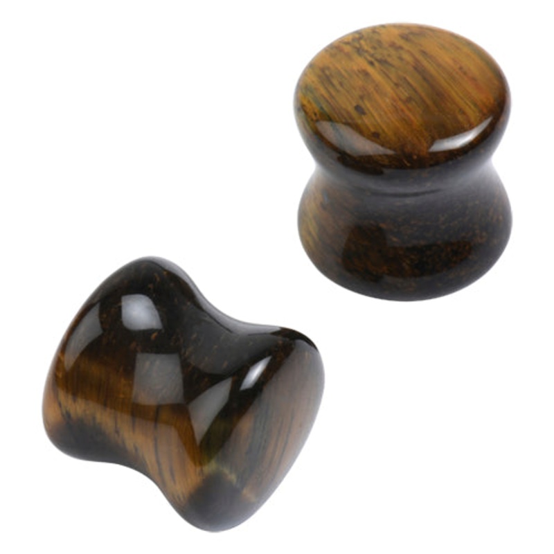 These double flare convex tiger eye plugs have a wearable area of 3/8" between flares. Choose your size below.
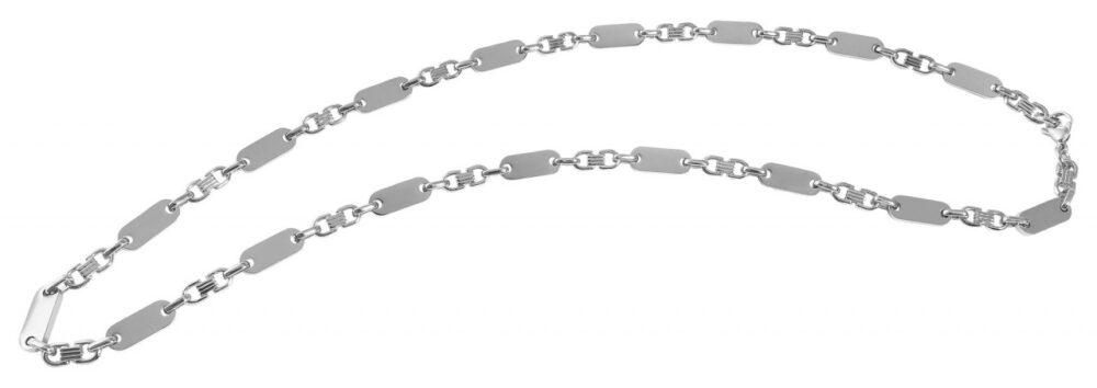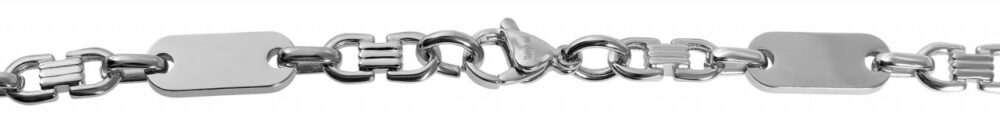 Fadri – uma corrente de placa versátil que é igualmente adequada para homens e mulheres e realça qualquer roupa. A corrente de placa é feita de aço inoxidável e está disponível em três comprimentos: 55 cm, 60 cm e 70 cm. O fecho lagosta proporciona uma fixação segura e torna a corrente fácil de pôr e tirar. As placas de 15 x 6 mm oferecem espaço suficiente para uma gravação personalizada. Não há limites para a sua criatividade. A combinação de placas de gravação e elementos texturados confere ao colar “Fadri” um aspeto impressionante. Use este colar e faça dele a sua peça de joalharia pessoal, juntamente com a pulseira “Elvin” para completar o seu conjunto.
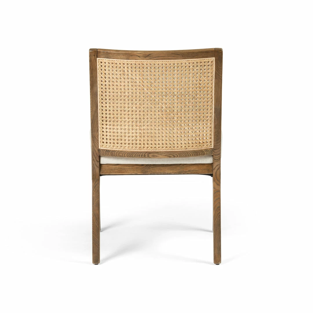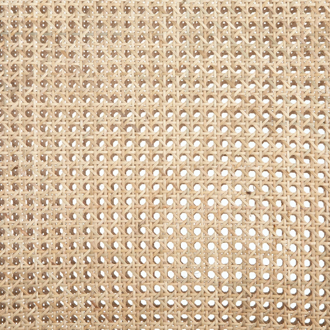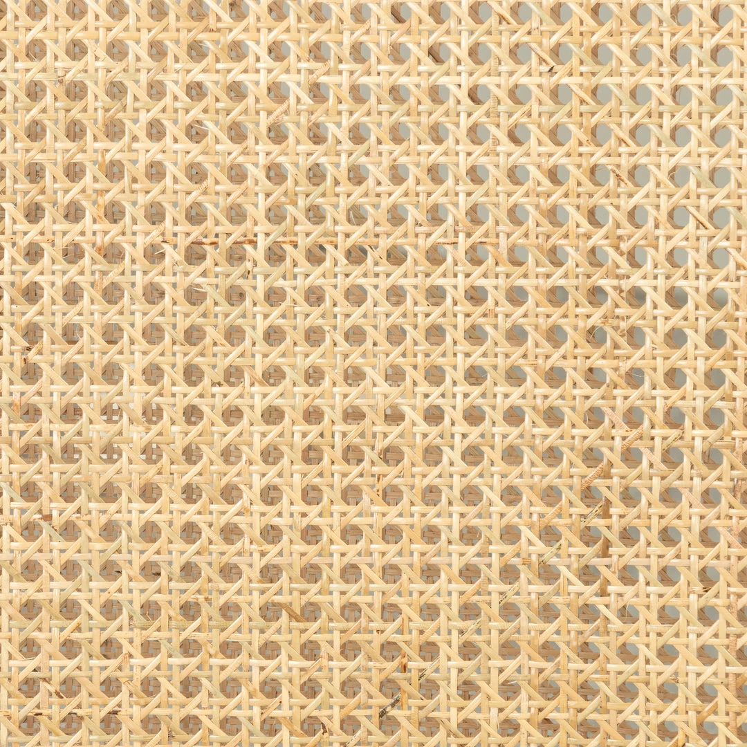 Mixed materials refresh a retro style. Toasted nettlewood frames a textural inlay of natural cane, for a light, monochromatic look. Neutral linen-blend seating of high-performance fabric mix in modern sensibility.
= = = = =
Your goal
Print the whole listing above exactly, and keep every picture out of the copy.

Reply
 These double flare convex tiger eye plugs have a wearable area of 3/8" between flares. Choose your size below.
 Fadri – uma corrente de placa versátil que é igualmente adequada para homens e mulheres e realça qualquer roupa. A corrente de placa é feita de aço inoxidável e está disponível em três comprimentos: 55 cm, 60 cm e 70 cm. O fecho lagosta proporciona uma fixação segura e torna a corrente fácil de pôr e tirar. As placas de 15 x 6 mm oferecem espaço suficiente para uma gravação personalizada. Não há limites para a sua criatividade. A combinação de placas de gravação e elementos texturados confere ao colar “Fadri” um aspeto impressionante. Use este colar e faça dele a sua peça de joalharia pessoal, juntamente com a pulseira “Elvin” para completar o seu conjunto.
 Mixed materials refresh a retro style. Toasted nettlewood frames a textural inlay of natural cane, for a light, monochromatic look. Neutral linen-blend seating of high-performance fabric mix in modern sensibility.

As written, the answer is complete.